This week the NUT, teaching profession and world of education in general were dealt a devastating blow with the loss of Steve Sinnott, the union's general secretary. Everyone's thoughts are with his wife Mary, son, daughter, grandchildren and parents, who knew better than anyone what a caring and devoted man he was.
The tributes to Steve have poured in as we have tried to make sense of what his death will mean. Throughout it all, I have returned time and again to the fact that all teachers knew too well: that in this dispute, which will see NUT members on April 24 strike over pay for the first time in 21 years, Steve was absolutely right.
Members were convinced by Steve's determination that the union, to which he gave so much, must make a stand against the successive pay cuts that are causing the profession so much harm.
The statistics of the pay ballot are well-known and rehearsed - 75.2 per cent of those who voted did so in favour of the action. That is a significant majority. The separate TES poll supports that finding. Of the 8,000 teachers who took part from all unions, more than 60 per cent indicated that they were supportive of the NUT's decision. More than 70 per cent of those identified as NUT members also agreed, which - when compared with the ballot - demonstrates the accuracy of the poll.
Steve repeatedly urged the other teaching unions to join us in this fight. The TES poll shows that most of those unions' members are in support and would have placed the exact same X in the exact same box as more than three-quarters of voting NUT members.
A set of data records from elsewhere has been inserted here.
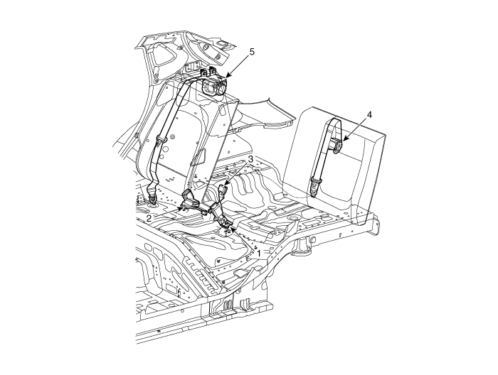 2. Замок заднего ремня безопасности [правый] 3. Соединитель центрального ремня безопасности. |
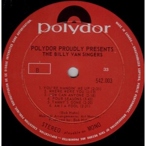 The Billy Van Singers were also featured on the compilations: CBC Song Market and Fall In Fashion Musical. The Laurie Bower Singers were also involved in this recording.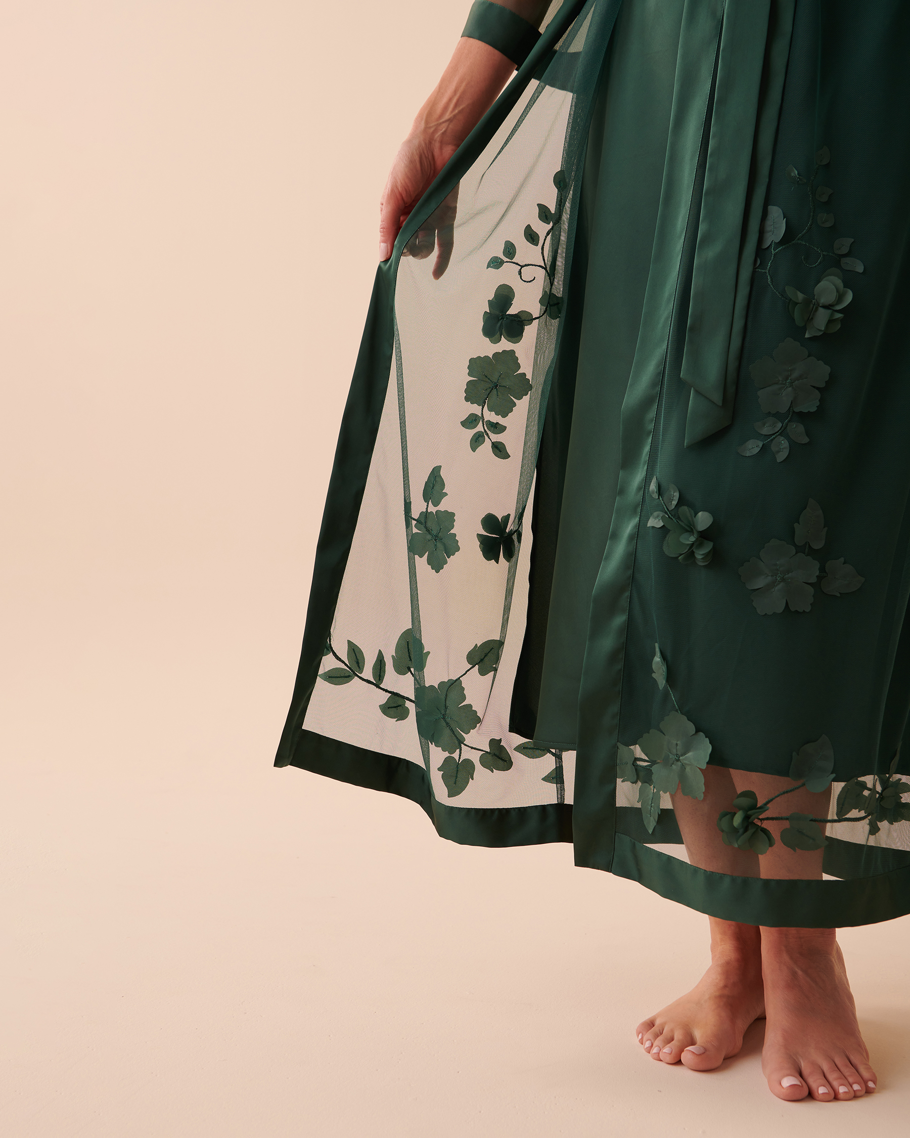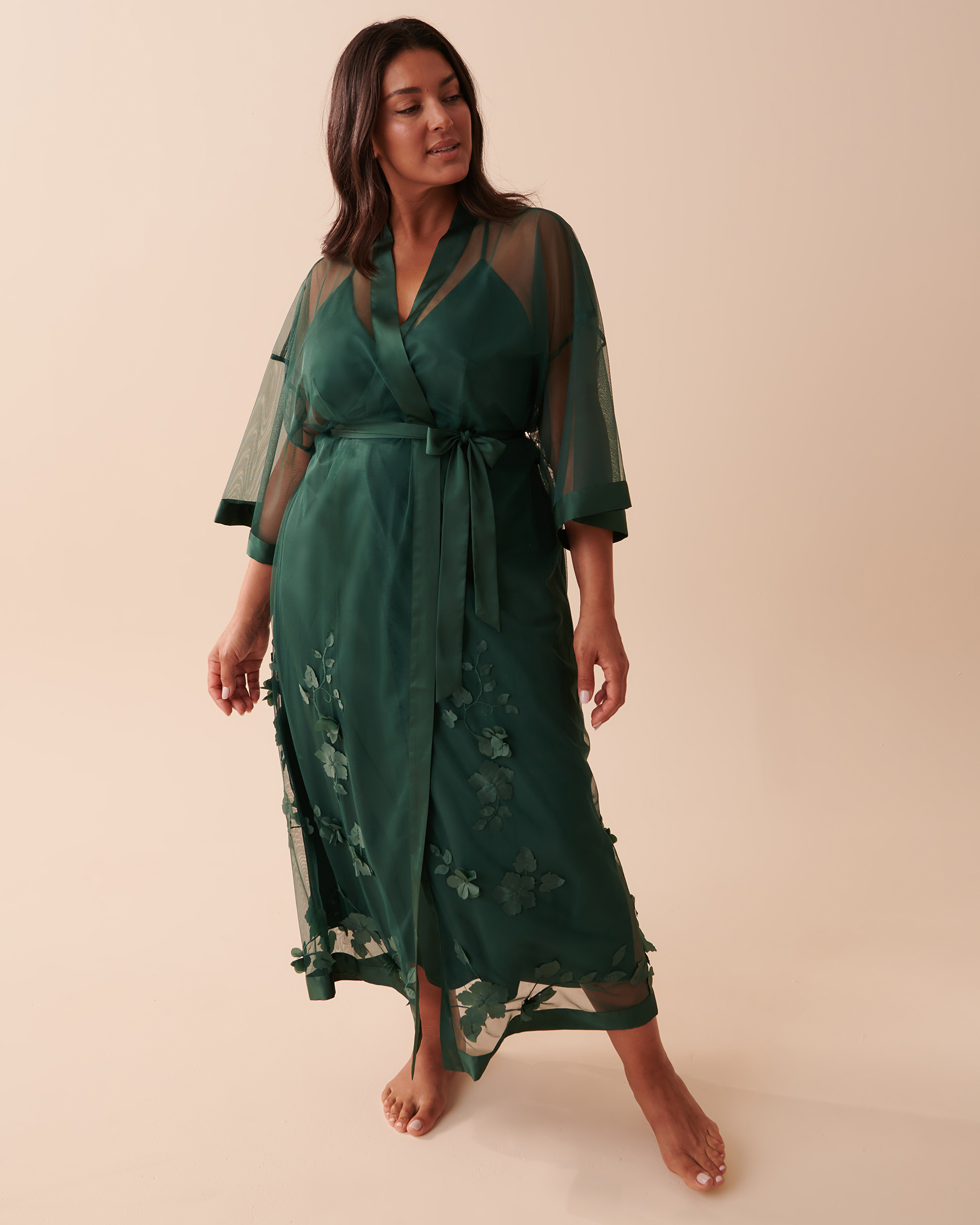 Ajoutez une touche de grâce à votre lingerie avec notre long kimono en résille transparente et laissez votre beauté naturelle resplendir grâce à sa délicate poésie florale.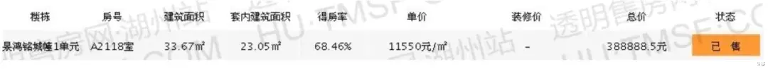 需要指出的是,该套房源当初新房备案价格约38.9万元,备案单价为11550元/m²。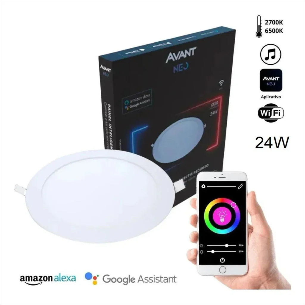 Ilumine seus ambientes com o Spot Avant Painel Neo Sobrepor Redondo, oferecendo versatilidade de cores de luz (2700K e 6500K) e alta eficiência energética de 24W em um design moderno e de fácil instalação.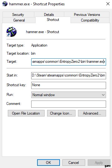 D:\Steam\steamapps\common\EntropyZero2\bin\hammer.exe -game "D:\Steam\steamapps\common\EntropyZero2\entropyzero2"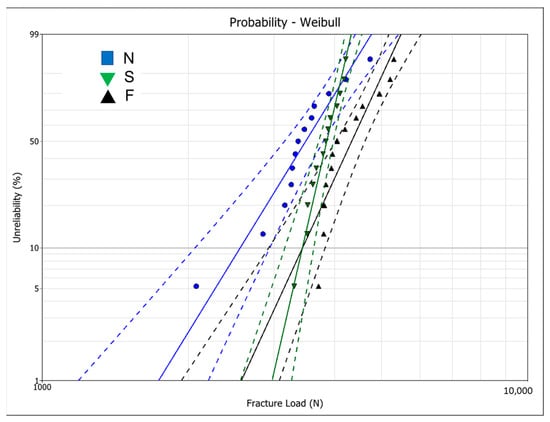 All crowns survived the chewing simulation and were tested under compressive load until fracture. The raw data is available in the Supplementary Materials (Table S1). The Weibull analysis of the fracture load data is presented in Table 3 and Figure 4. Group F had a significantly higher characteristic fracture load (L0) than groups N and S as the 95% confidence intervals did not overlap. Group S had the highest Weibull modulus (m), being significantly higher than group N.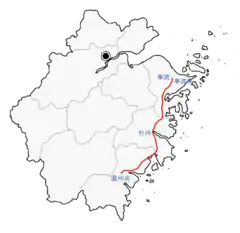 The Ningbo–Taizhou–Wenzhou railway follows the rugged but prosperous coast of Zhejiang. Major cities and counties along route include Fenghua, Ninghai, Sanmen, Linhai, Taizhou, Huangyan, Luqiao, Wenling, Yueqing, Yongjia, and Ouhai.[1] At Ningbo, the line joins the Xiaoshan–Ningbo railway and the Hangzhou–Ningbo passenger-dedicated line. At Wenzhou, the line joins the Wenzhou–Fuzhou railway.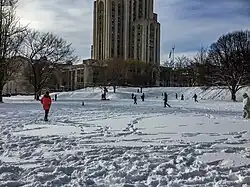 On December 9, 2009, an estimated crowd of over 4,000 students at the University of Wisconsin–Madison participated in a snowball fight on Bascom Hill. There were reports of several injuries, mainly broken noses, and some vandalism, mainly stolen lunch trays from Memorial Union. The snowball fight was scheduled weeks in advance, and was helped by the fact that the University canceled all classes due to 12–16 inches of snow that fell the night before.[11] However, this snowball fight failed to break the record set in October of the same year in Leuven.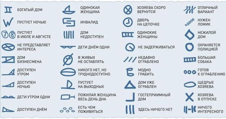 Воровское братство обладает не только своим сленгом, но и тайным языком знаков, доступным только внутри этого «профессионального» сообщества. Опытные «разведчики» выискивают потенциальные цели и оставляют тонкие метки, предостерегая своих сообщников.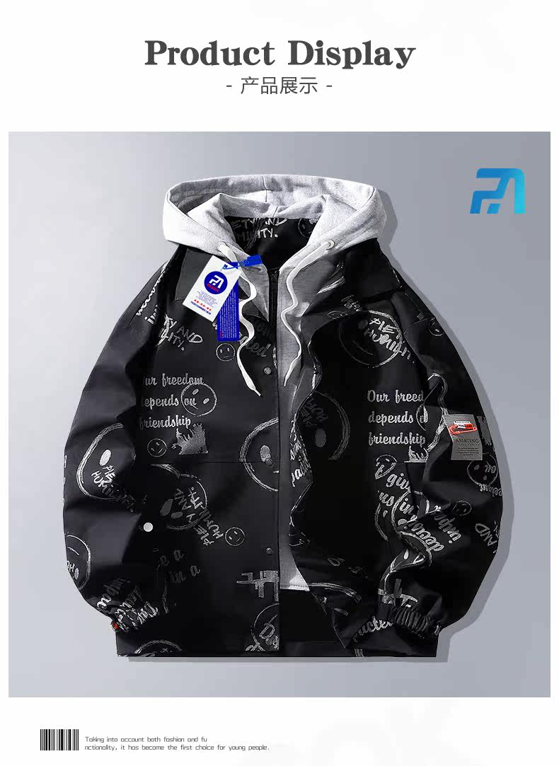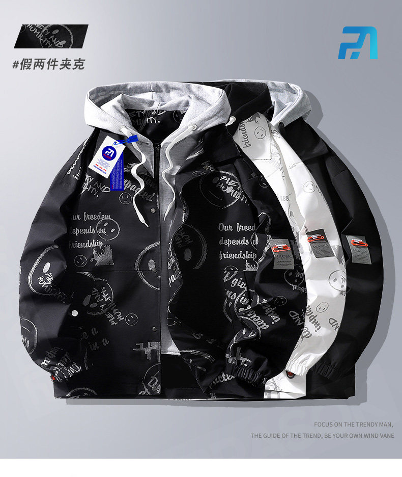 Комплект, мужская куртка, осенняя толстовка с капюшоном, оверсайз, подходит для подростков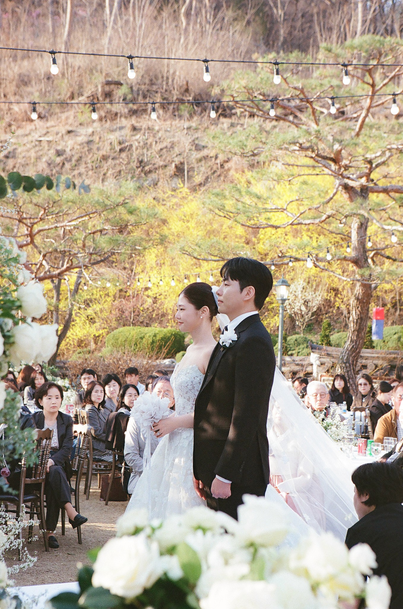 야외 본식은 실내 홀과는 달리 시시각각 변하는 빛과 현장의 공기를 사진에 그대로 담을 수 있다는 것이 큰 장점입니다. 나라코드는 답답함 없는 개방감을 활용하여 다양한 구도에서 신랑 신부님의 가장 예쁜 모습을 포착합니다.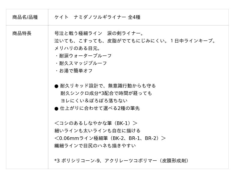 2種の皮膜形成剤をブレンドした「耐久シンクロ成分*3」を配合。硬くて強い膜と伸縮性を両立する被膜を形成する耐久リキッド設計です。微細なポリマー配合の塗膜「超密着ラスティングポリマー(アクリレーツコポリマー)」が肌になめらかに密着。微小な凹凸に入り込み強固な膜を形成します。目もとにピタっと密着し目まわりの激しい動きにも追随し、肌上に描かれたラインを崩さず維持します。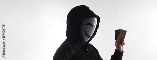 Hacker man and credit cards in hand. Represent credit cards personal data stolen by anonymous man in Black hood shirt. Credit cards data security and Cyber crime digital. Money transection unsecured.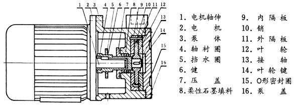 本泵采用泵與電機直聯結構,其進水口為水平方向,吐出口垂直向上。 從泵端看,泵為逆時針轉動。 葉輪可在懸臂軸上自由滑動,運轉時能自動調正葉輪二面的間隙,外隔板可借助于葉輪上的二螺孔與葉輪一起拆出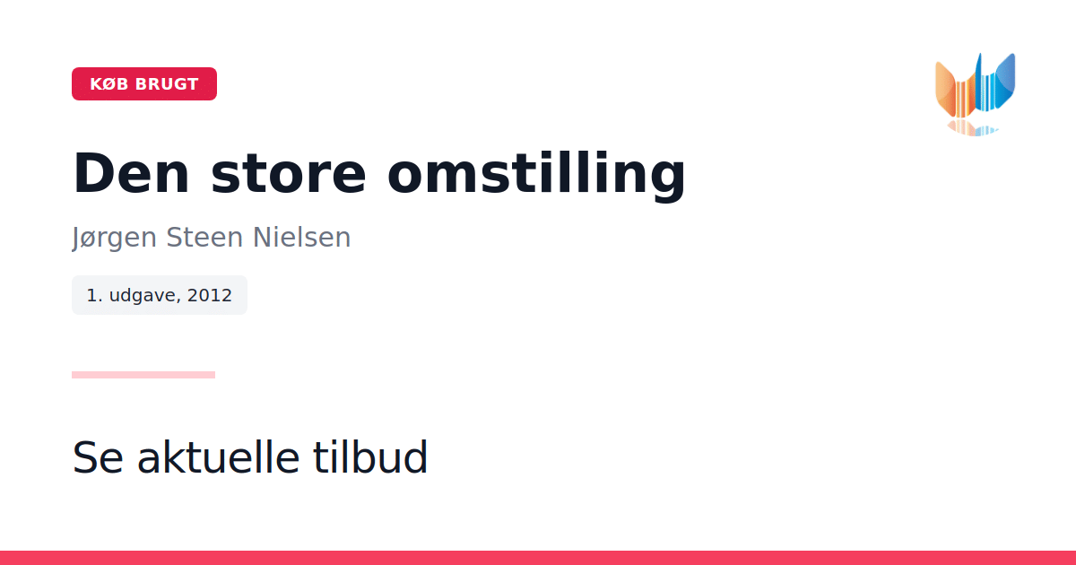 I Den store omstilling udfordrer Jørgen Steen Nielsen den gængse opfattelse af, at den nuværende økonomiske krise udelukkende er en kortvarig og lokal hændelse. Han påpeger i stedet, at vi midt i en global systemkrise ser sammenfiltringen af finansielle, økologiske, råstof- og fødevarekriser, som tilsammen truer med at overskride de naturlige grænser for vækst og udvikling. Med udgangspunkt i processerne op til FNs topmøde Rio+20 i juni 2012, analyserer bogen de strukturelle barrierer og den snæversynede politiske tænkning, som hæmmer en nødvendig overgang til en bæredygtig, grøn økonomi. Jørgen Steen Nielsen skitserer, hvordan et bredt internationalt netværk af økonomer, erhvervsledere og miljøforkæmpere arbejder på at formulere den model, der kan understøtte en ligevægtsøkonomi for fremtiden. På 222 sider præsenterer Den store omstilling en kritisk og tankevækkende undersøgelse af de mange facetter af den globale krise, og den understreger den presserende nødvendighed af en dybtgående omstilling i vores økonomiske system.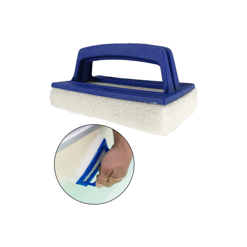Cette brosse éponge MAREVA est l'équipement idéal pour nettoyer sa ligne d'eau. Vous venez de remarquer la présence d'une ligne continue de couleur blanche ou jaunâtre sur les parois de votre piscine ? Il s’agit de la ligne d'eau de votre piscine qui est encrassée : un nettoyage s’impose. Cette brosse manuelle est idéale pour nettoyer cette zone très sensible qui a tendance à se salir rapidement du fait du calcaire ou des conditions météo. Cette brosse peut s'utiliser sans produit additionnel, il suffit de la mouiller et de frotter sans forcer pour nettoyer la ligne d'eau. Elle viendra ôter les saletés et décrasser, tout en ne rayant pas votre liner. Cette brosse à la prise en main agréable est idéale pour un entretien régulier, ce qui est indispensable afin d’éviter que votre revêtement ne se colore définitivement. Si les saletés sont particulièrement tenaces ou si vous désirez gagner en temps, vous pouvez opter pour un de nos nettoyants de ligne d’eau et opter pour notre pack nettoyant + brosse.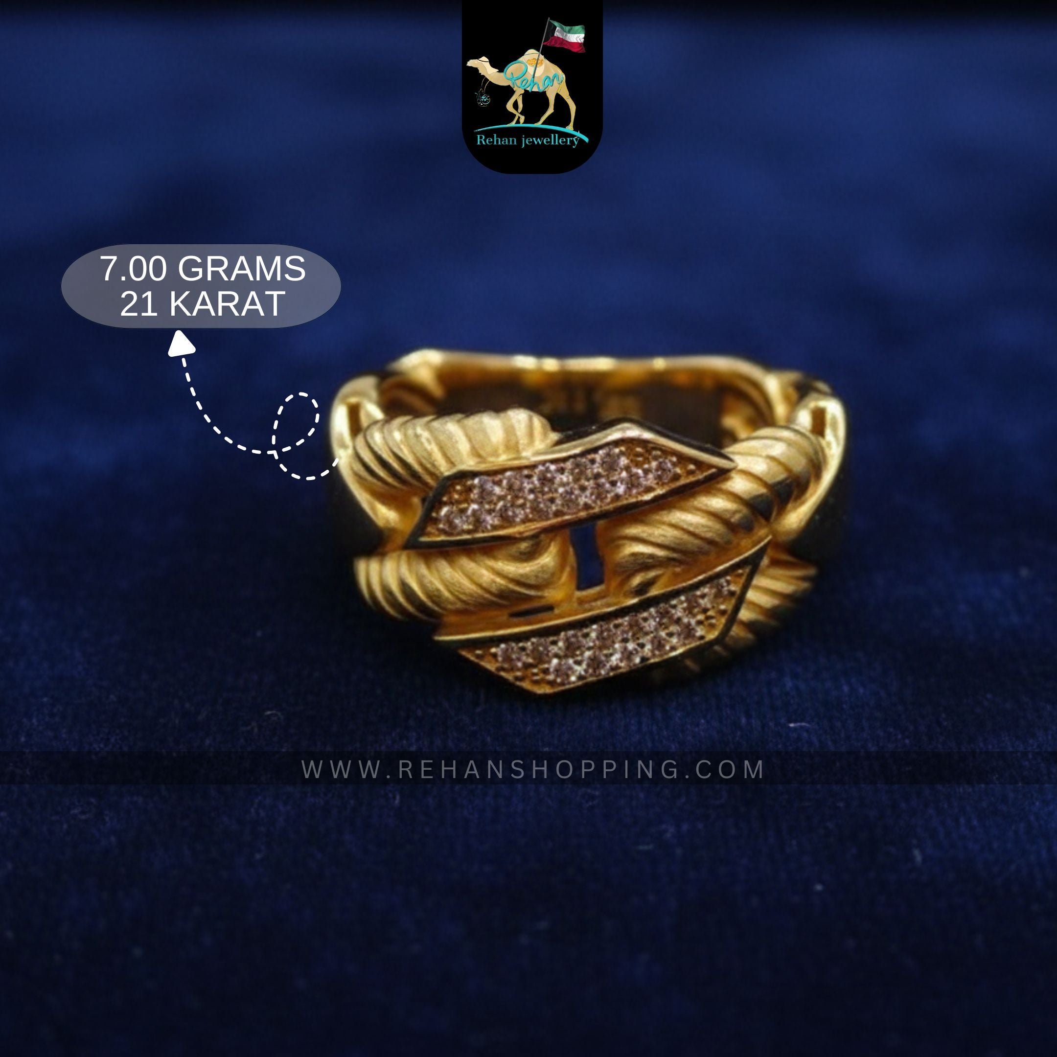 Make a bold statement with this 21K Gold Diamond Cut Luxury Ring by Rehan Jewellery.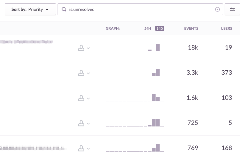 A customer requested the ability to filter/sort by the number of users affected rather than just the event frequency. Sorting by Priority doesn't really address this: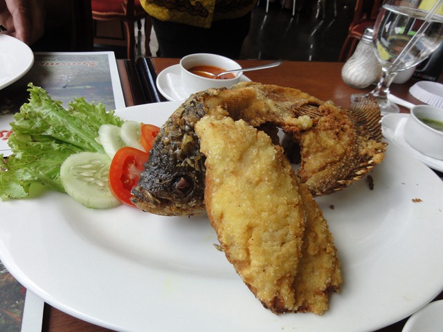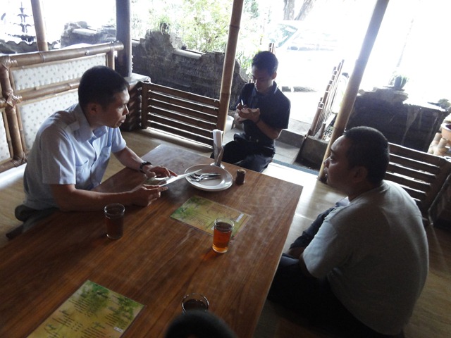 Henry told us that he came to the hot springs about once a week when friends visited and offered to take us for massages later. “Beautiful ladies,” he said. “I like beautiful ladies.” He then let out a long bird-like cackle. After an energizing soak in the spring (think big resort, not pools formed in Jurassic-period rock) and fresh, iced strawberry juice Henry treated us to some local food in Lembang. We had fresh eels caught in the local rice fields and I tried my first lime-soaked, tamarind-marinated cow stomach. It was actually very good.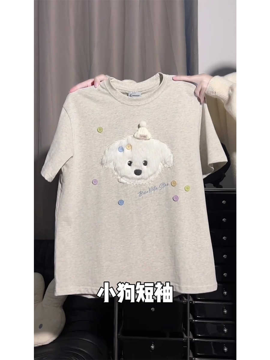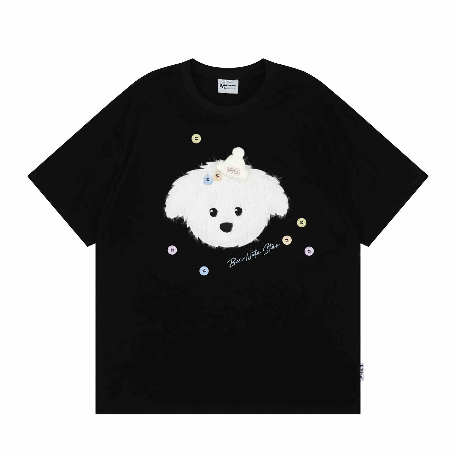 美式复古卡通毛绒小狗纯棉短袖t恤男女潮牌夏季宽松休闲情侣半袖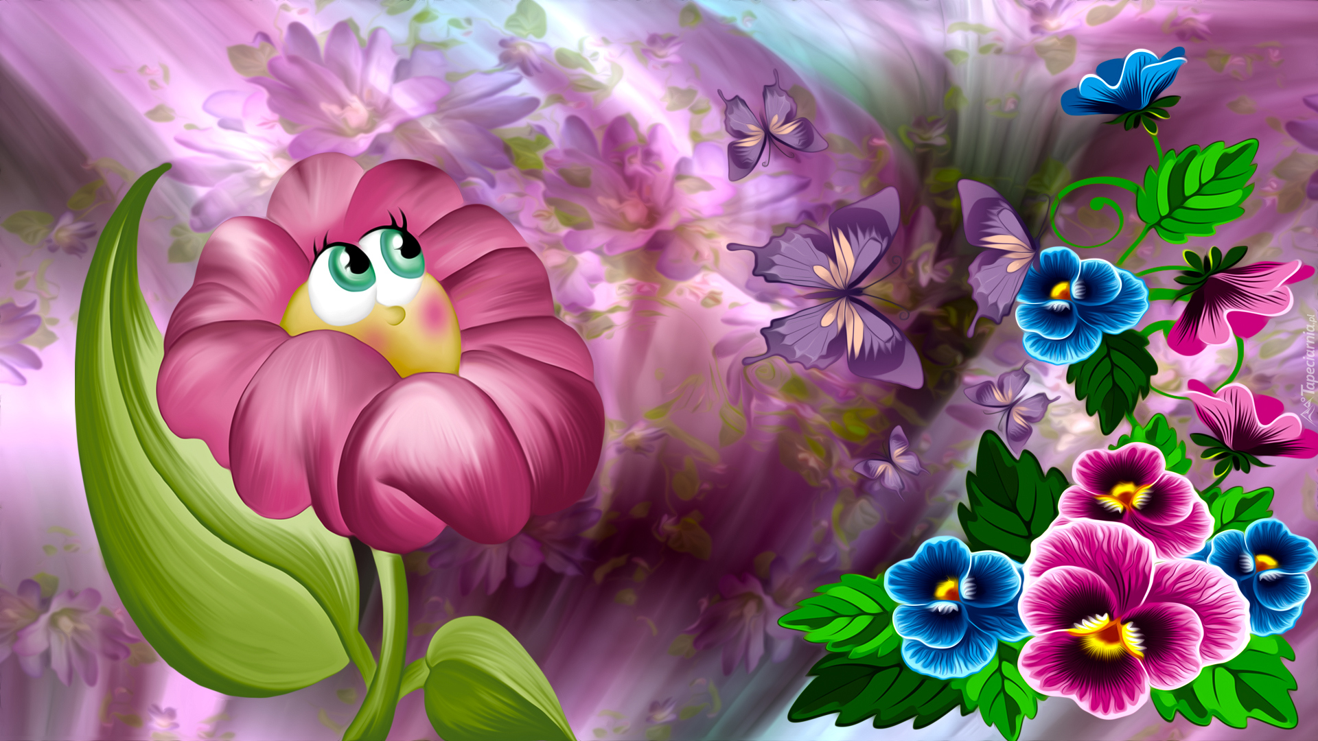 Edytor tapety: Kwiaty i motylki w grafice

If you consider the fact that those members of other unions would not have received the same literature as NUT members, outlining and explaining the reasons for the campaign, the overwhelming likelihood is that a concerted campaign by all teaching unions would have resulted in the same majority vote for industrial action that was delivered by the NUT.
In the days since the news of Steve's death came through we have witnessed a steely determination among our colleagues that the fight has to go on.
Teachers and other public sector employees have had enough of this Government's imposition of below-inflation pay rises. Steve recognised this before anyone else. He understood the difficulties facing young teachers today, striving to make ends meet, unable to get on the property ladder and making do just to get by.
I was present on many occasions when Steve spoke eloquently, wisely and passionately about these issues. He frequently used the analogy of when he had been a young teacher in the 1970s with a young family. He explained that it was a time when teachers were underpaid and undervalued. His great fear was that we were slowly but surely seeing a return to those days. He called for an end to what he described as the "boom and bust" policies that had dominated teachers' pay since that time. And he was right. In every possible way, Steve Sinnott was right, and the NUT was right to ballot its members.
April 24 2008 has its own significance as the day of the first teachers' strike over pay for 21 years. In the lead-up to that date, the NUT will continually urge the Government to talks. The fight for fair pay for teachers will continue. The NUT's stand on behalf of all teachers will remain. Steve would not have wanted it any other way.
David Evans is secretary of NUT Cymru.